The current study systematically analyzed the relationships between p16 expression and prognostic index and clinicopathological parameters in patients with bladder cancer and showed that low expression of p16 was closely correlated with poor prognosis (Figure 5). However, the included studies varied in terms of study subjects, design, sample size, interventions, outcomes, time of study, and publication date. We used cumulative meta-analysis, sensitivity analysis, and subgroup analysis to explore the effects of the main variables in the included studies. Overall, the results confirmed that the relationship between low expression of p16 and prognosis in patients with bladder cancer was affected by clinicopathological stage, geographic origin of the study subjects, detection method, and cut-off values. Based on these findings, we further analyzed the relationships between p16 expression and clinicopathological parameters and demonstrated associations between low expression of p16 and clinical stage and lymph node metastasis, implying that the p16 gene tended to exert its regulatory effects during the early stage of bladder carcinogenesis. Low expression of p16 was also correlated with poor PFS and RFS in early-stage (Ta–T1) bladder cancer. These results thus confirmed an important role for p16 in the occurrence and development of bladder cancer. Meanwhile, through Phase I and II clinical trials, studies have revealed that CDK4/6 is an attractive target in p16 related pathway for anticancer therapy [49-51]. Furthermore, previous study also suggested that p16 functional peptide, as a molecular targeting agent, showed effective reactions for the treatment of renal cell carcinoma [52]. The results of these researches and our current meta-analysis had the effect of mutual authentication. Therefore, a better understanding of the mechanism underlying the development and progression of bladder cancer may play a significant role in prevention, target therapy, and prognosis, particularly if more sensitive and specific correlative biomarkers can be discovered and verified.

Figure 5

Our results illustrated and improved the relationship between p16 and prognosis, as well as clinicopathological features.

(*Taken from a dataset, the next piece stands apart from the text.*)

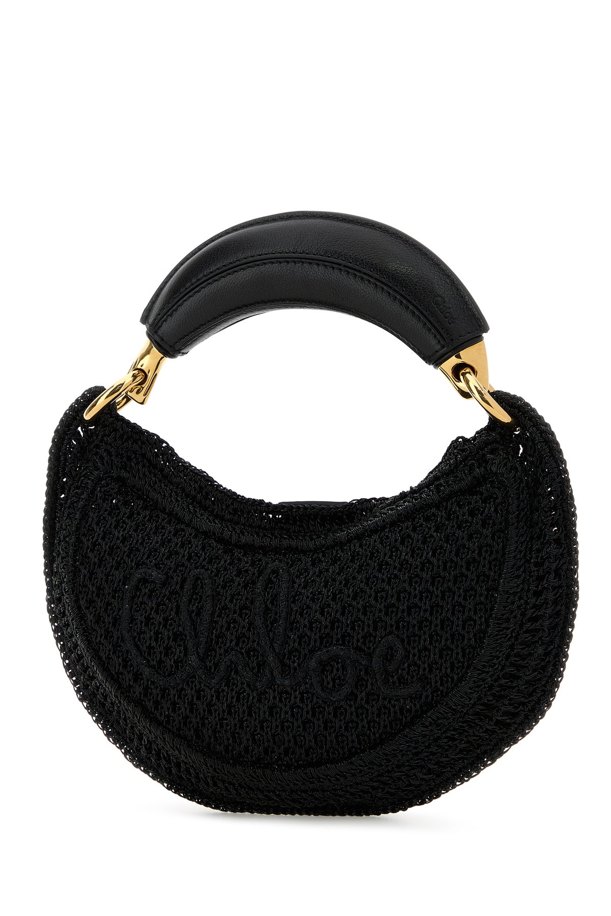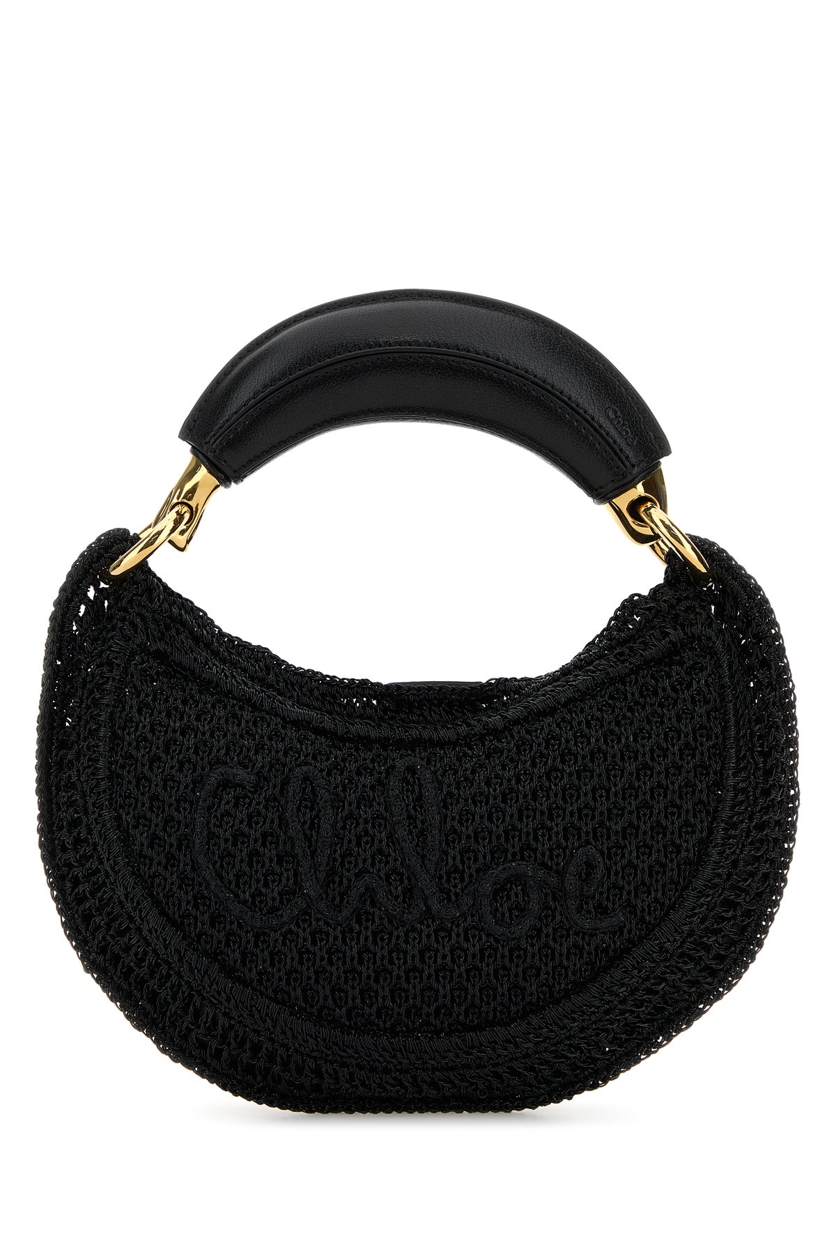 Handbag realized in raffia characterized by tonal embroidered logo at the front.

The current study had some limitations. First, tumors are the result of both environmental and genetic factors, and p16 may thus be only one of several factors involved in the whole process of bladder carcinogenesis. Secondly, heterogeneity may result from differences in intervention measures (surgery, radiotherapy, chemotherapy, or combination), immunohistochemical techniques (different antibodies, evaluation standards, etc.), and the HR extraction methods used in the included studies. Finally, the exclusion of articles because of language barriers and of studies that were not published because of a lack of sufficient data may have led to potential publication bias.

In conclusion, the results of the current study provide evidence for a relationship between p16 expression and prognosis and clinicopathological features in patients with bladder cancer. The results of this meta-analysis will help to inform about the development of clinical guidelines promoting best medical care for patients with bladder cancer. Further studies are required to investigate the combined influence of genetic and environmental factors on the development and progression of bladder cancer.